Second, the administration must reject the religion of AI. We should therefore support the proposal to establish an AI Council aimed at putting the Office of Science and Technology Policy and the White House Faith Office in dialogue, to inform AI policy with religious belief. By its nature, AI raises pressing questions about man’s identity, his place in the created order, and his relationship to the divine. Some Silicon Valley CEOs have openly wondered whether they are creating a god, and still others welcome it. 

The spiritual instincts of the average American, however, align much more with Pope Leo XIV, who recently declared that “it will be difficult to find God in AI.” Americans should have a say in how new technologies affect their lives, especially given the intrinsic risks of a technology endowed with the authority to make autonomous decisions. The presence of orthodox religious voices would provide a healthy counterweight to the techno-optimists currently shaping policy.

Third, because employment has fundamental implications for the marriageability of working-class men, we must work to ensure that productivity growth from increased automation generates widespread prosperity. Automation’s effect on the livelihood of workers can vary dramatically, as history readily attests, and recent studies show. We must offer American workers something more than programs to help them transition after job loss. 

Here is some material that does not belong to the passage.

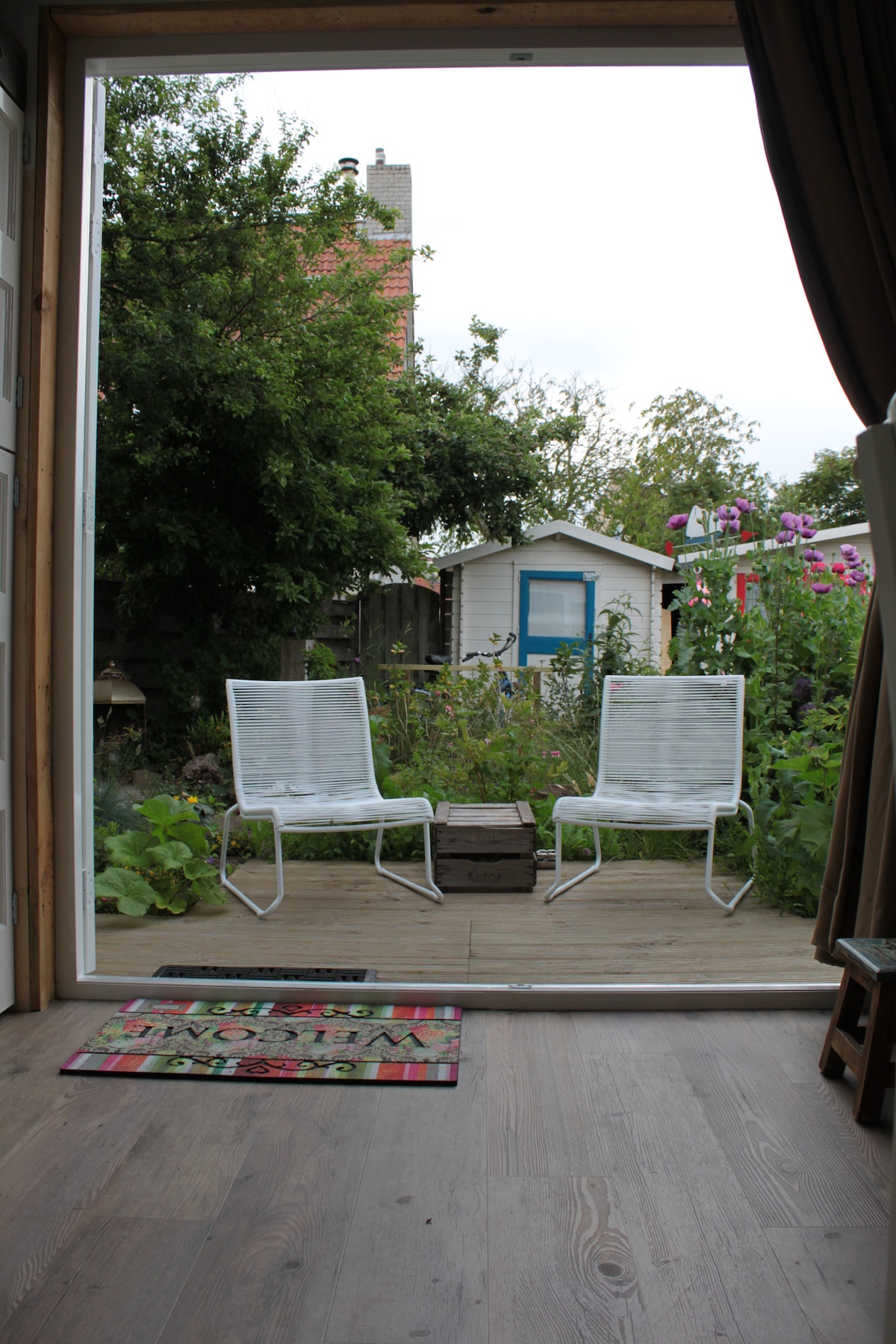 Ontspan en kom tot rust in deze vredige, mid-century geïnspireerde vakantie studio. Een heerlijk vakantieverblijf met ruime woonkamer, eigen (aparte) badkamer, slaapvide (let op: smalle stijle trap) en eigen buitenterras met zitje en parasol. De studio is heerlijk licht door de vele ramen. In de studio is een ruim keukenblad aanwezig met verschillende keukenfaciliteiten. Let wel op: door de smalle en stijle trap naar de slaapvide niet geschikt voor ouderen of minder valide.

It is particularly critical to develop a coherent plan to address the threat of rapid, unconstrained automation of the trucking industry. Trucking is a vital industry for the American family. It does more than just employ millions of non-college-educated men. Our research finds that, even in its current state of decline, trucking fosters significantly higher marriage rates compared to other blue-collar alternatives. Full-fleet automation is on the horizon. It could do untold damage to working-class families. The administration should convene a blue-ribbon committee to develop a coherent national plan to negotiate between competing interests, with a special emphasis on bringing management, truckers, and unions together. This will help secure buy-in from labor, which in turn can secure time for adjustments, retraining programs, national safety standards, and contracts to preserve trucking as a primarily human craft, albeit one that operates in a new form. 

The Trump administration should also invite unions to participate in a summit on AI, automation, and labor. In a recent interview with American Compass, Sean O’Brien, the president of the International Brotherhood of Teamsters, pointed to the union’s crest of horses pulling a cart (from which the name “teamsters” is derived) as indicative of its orientation toward technological change. The Teamsters mission, O’Brien said, is not to stop technological change, but to ensure that workers have a say in its implementation. For O’Brien, the best way to ensure that technologies are not deployed abusively and, better yet, in service of widespread prosperity, is to give workers visibility into their operations. Unions have a long history of confronting technological change, and they should be treated as sources of experience and knowledge, rather than as historical dead weight and forces for anti-modernization.

If President Trump invited the two parts of the double movement into his administration and successfully oversaw a negotiation between them, he would go down in history as one of America’s greatest presidents, if not the man who saved the future.

Michael Toscano is senior fellow and director of the Family First Technology Initiative at the Institute for Family Studies.